Home > finals > Editor’s insatiable curiosity propels community paper

Editor’s insatiable curiosity propels community paper

Sara Janak
University of Nebraska- Lincoln

Adam KlinkerEditor of the Ralston Recorder.

Adam Klinker,
editor of the Ralston Recorder.

Adam Klinker was a journalism student for about two weeks at the University of Nebraska- Lincoln.

He was torn between journalism and English, but Klinker decided to pursue English and history. After graduating, he worked as a reporter for the Beatrice Daily Sun. After two and a half years there, he attended the University of Kansas and obtained a master’s degree in literature. He eventually went on to work at the Ralston Recorder, where he’s been the editor for two and a half years.

Klinker said he didn’t follow the typical path of a journalism student; he didn’t have any internships. However, he worked at the Daily Nebraskan throughout hiscollege career, and that experience is what helped him break into the industry.

“I actually wrote just about everything for the DN. I wrote sports, news, city council, crime, I reviewed some movies,“ Klinker said. “By virtue of that experience, they hired me on at Beatrice.”

Klinker’s job at the Ralston Recorder, a weekly newspaper, isn’t like most editing jobs.

“I don’t know that there’s anything that really is typical,” he said, but “Monday and Tuesdays are the most regimented days around here because that’s when the production cycle starts.”

He spends the rest of the week seeking out story ideas and bringing them to fruition.

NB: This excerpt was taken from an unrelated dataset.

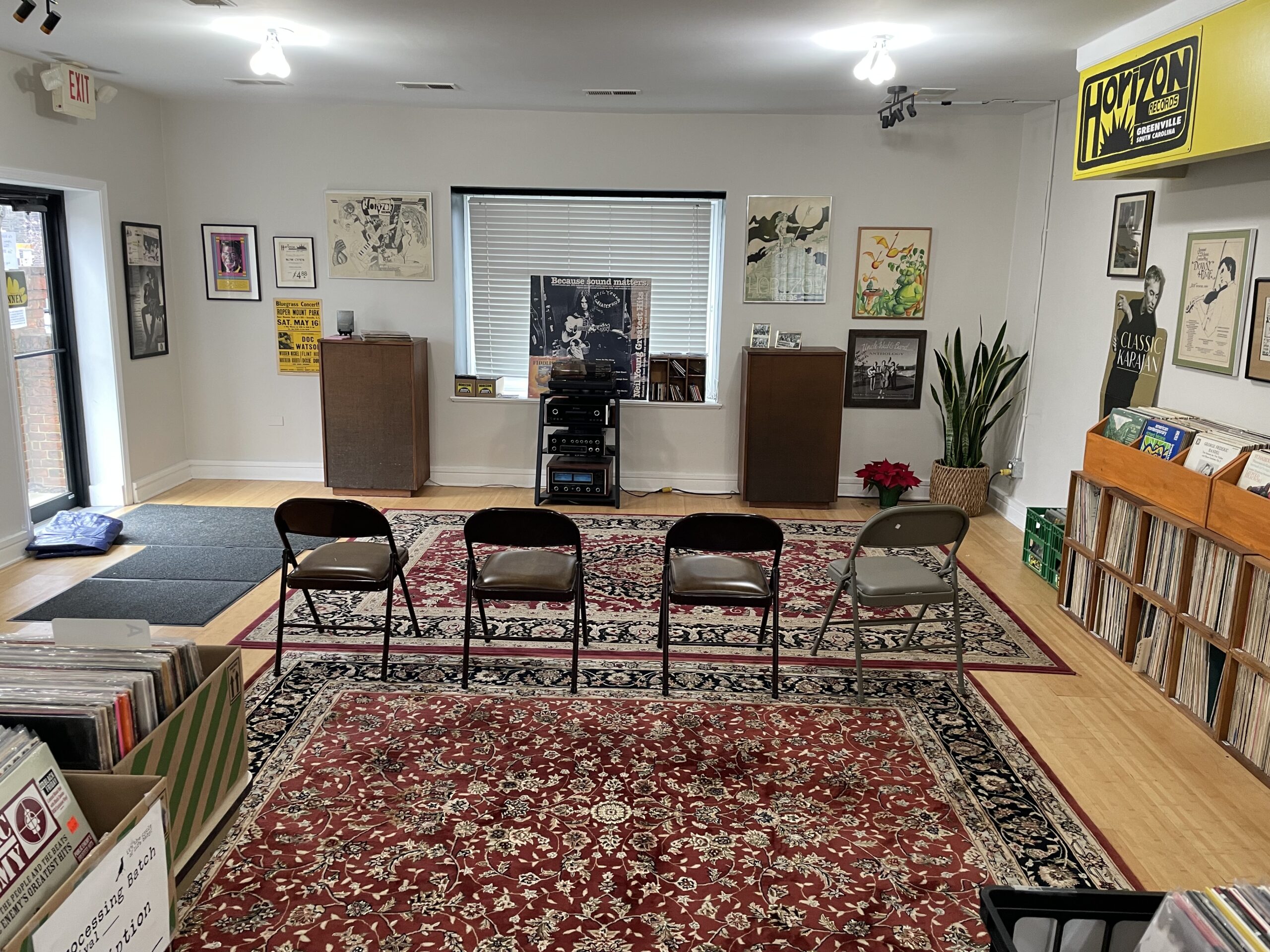 Hey friends. We are setting up (mostly) regular hours for The Annex. Check here for updates but the plan for now is every other Saturday (first and third of the month) from 1pm to 4pm. We are also announcing Monday hours 1pm – 5pm every other week. For those who haven’t visited the Annex, it’s the building right next door to Horizon Records at 10w Stone Ave and is where we receive and process big collections and lots of incoming records and CDs. It’s mostly arranged by collection & genre and have yet to be priced for retail in the store. If you find records you want, Chuck or Justin will price them on the spot and credit card payment is accepted for whatever you choose to purchase. We also have a beefy McIntosh hi-fi playing a rather Gene centric playlist plus local music history and Horizon memorabilia going up on the walls. It’s our new play space and hope you come check it out! Hours are subject to change so call (864-235-7922) or check back for updates.

Klinker said one of the toughest parts of his job is coming up with the dominant front-page story, but perhaps the most challenging is that he’s producing the paper himself.

“I’m unique in that I’m a one-man operation. I do everything except sell the ads,” he said. “That can be great, honestly, because I have much more autonomy in this newsroom.”

He enjoys the freedom, but said he can’t bounce ideas off anyone, and that can be challenging.

“I’d say even more challenging than coming up with the stories ideas is dealing with that dynamic,” he said. “All the pressure is on me.”

Klinker said the best part of his job is being independent, and that he gets to do what he loves: writing and telling stories.

“Writing has always been something very important to me, but I’m reminded of something  Dorothy Parker said, she was one of our great humorists of the last century, she said ‘I hate writing, but I love having written,’” Klinker said. “That puts my perspective into sharper relief, because that’s exactly it. Writing is hard, you open up a vein and you just let it run, then it’s over and you feel better about yourself.”

Klinker said the Ralston Recorder is trying to adapt to the changing landscape of journalism, but it’s been a bit of a struggle. The majority of readers prefer to receive the paper the traditional way.

Klinker said his readers don’t want to see breaking news in the Recorder because they can get that from many other sources.

They’re more interested in stories that highlight the community, and he cherishes telling those stories.

“I love telling people stories, and I’m inspired by people and what they do, and I want them to be known,” he said. “We are essentially, every week, creating scrapbook.”

Journalism’s future is on Web, but students need old-fashioned skills

By Robert Vencil
University of Nebraska-Lincoln

The digital age is changing journalism, and that’s not always easy for newspaper editors.

The Ralston Recorder, a weekly newspaper, is trying to establish more of a Web presence, said Editor Adam Klinker.  The Recorder has a website, but it is housed on Omaha.com. The Recorder is part of Suburban Newspapers, a division of the Omaha World-Herald.  Klinker also set up a Twitter account and created a Facebook page for the paper, but he said he doesn’t use it as much as he should.

The company would like to use the Recorder as a sandbox in the digital world, Klinker said.  He expects the paper to become more of a 24-hour digital news source by moving online.

“The print is in its twilight,” Klinker said, “and the sun hasn’t even risen over the horizon on the Web.”

But he recognizes that long-time subscribers who have gotten a print paper for years expect to see it on their doorsteps every Wednesday.

“It comes down to your readership,” Klinker said. “There’s just more gravity in print.”  The Recorder contains a lot of small-town features and it’s all about the names, Klinker said.  “People want to see their sons and daughters, nieces and nephews in the paper.”

That style of writing doesn’t fit as well on the Web.

Journalism students today are used to hearing how they need to learn to tell stories on all different forms of media to be successful, but Klinker has another idea.  He thinks the key to success for students is leaving college with a well-rounded education and the ability to talk to people.

“Too many journalists think they know everything,” Klinker said.  “They don’t socialize.  They’re just there for the information.”

Students, he said, need to learn what they can about all they can, but still need to approach a subject like a child.  “You need to put yourself out there,” he said.  To him, it seems as if they human element has left journalism.

“Lost is the idea of the journalist being the guy you can talk to, but still be wary of.”